● **DATA FOR THE TASK**
____________________

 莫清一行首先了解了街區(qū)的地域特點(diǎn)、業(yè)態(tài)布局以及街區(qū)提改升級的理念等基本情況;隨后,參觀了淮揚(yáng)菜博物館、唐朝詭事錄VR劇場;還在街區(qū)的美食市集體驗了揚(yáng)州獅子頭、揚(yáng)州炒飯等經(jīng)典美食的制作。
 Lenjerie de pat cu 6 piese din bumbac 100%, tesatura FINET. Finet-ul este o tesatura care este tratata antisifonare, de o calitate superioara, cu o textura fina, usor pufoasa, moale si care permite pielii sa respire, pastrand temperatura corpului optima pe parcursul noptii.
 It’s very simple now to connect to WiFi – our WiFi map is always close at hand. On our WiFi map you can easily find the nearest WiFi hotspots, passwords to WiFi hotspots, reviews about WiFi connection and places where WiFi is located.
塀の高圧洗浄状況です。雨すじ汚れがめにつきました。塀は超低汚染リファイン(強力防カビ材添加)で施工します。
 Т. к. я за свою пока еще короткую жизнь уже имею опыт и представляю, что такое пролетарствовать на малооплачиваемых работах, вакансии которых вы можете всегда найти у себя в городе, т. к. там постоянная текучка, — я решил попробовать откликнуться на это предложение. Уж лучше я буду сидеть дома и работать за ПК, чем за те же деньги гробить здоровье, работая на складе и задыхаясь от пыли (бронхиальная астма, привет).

____________________

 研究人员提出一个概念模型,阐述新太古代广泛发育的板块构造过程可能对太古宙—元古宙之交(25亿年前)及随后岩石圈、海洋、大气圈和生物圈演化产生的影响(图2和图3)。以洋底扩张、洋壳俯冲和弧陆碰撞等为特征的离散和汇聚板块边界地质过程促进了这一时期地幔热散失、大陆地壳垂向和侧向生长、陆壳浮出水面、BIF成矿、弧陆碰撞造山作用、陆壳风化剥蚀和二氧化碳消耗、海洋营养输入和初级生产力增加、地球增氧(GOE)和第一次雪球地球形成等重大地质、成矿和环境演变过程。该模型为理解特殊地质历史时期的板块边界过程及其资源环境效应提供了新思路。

____________________

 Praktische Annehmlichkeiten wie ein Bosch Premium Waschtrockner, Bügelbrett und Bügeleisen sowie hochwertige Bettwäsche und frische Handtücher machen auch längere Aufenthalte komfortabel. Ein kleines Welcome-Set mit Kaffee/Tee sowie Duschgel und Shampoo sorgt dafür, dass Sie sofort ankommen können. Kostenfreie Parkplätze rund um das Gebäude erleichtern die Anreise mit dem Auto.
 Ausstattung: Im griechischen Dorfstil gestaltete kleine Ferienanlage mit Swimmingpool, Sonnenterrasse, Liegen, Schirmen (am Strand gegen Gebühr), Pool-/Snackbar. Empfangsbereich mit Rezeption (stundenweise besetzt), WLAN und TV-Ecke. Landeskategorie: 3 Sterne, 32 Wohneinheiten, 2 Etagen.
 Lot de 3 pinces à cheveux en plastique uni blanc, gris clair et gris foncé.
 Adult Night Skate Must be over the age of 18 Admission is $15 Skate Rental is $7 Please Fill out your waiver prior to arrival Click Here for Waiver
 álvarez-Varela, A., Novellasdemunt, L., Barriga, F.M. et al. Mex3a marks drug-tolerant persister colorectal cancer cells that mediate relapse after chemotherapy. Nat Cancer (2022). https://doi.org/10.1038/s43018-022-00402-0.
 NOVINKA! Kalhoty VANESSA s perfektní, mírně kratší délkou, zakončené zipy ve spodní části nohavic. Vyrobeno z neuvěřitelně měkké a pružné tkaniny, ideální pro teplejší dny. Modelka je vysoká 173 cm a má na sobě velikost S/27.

____________________

● **TASK DIRECTIONS**
In the listing above, find the line holding "It’s very simple" and the line holding "塀の高圧洗浄状況です。雨すじ", then output those two lines and every line between them exactly.

● **SOLUTION FOR THIS TASK**
 It’s very simple now to connect to WiFi – our WiFi map is always close at hand. On our WiFi map you can easily find the nearest WiFi hotspots, passwords to WiFi hotspots, reviews about WiFi connection and places where WiFi is located.
塀の高圧洗浄状況です。雨すじ汚れがめにつきました。塀は超低汚染リファイン(強力防カビ材添加)で施工します。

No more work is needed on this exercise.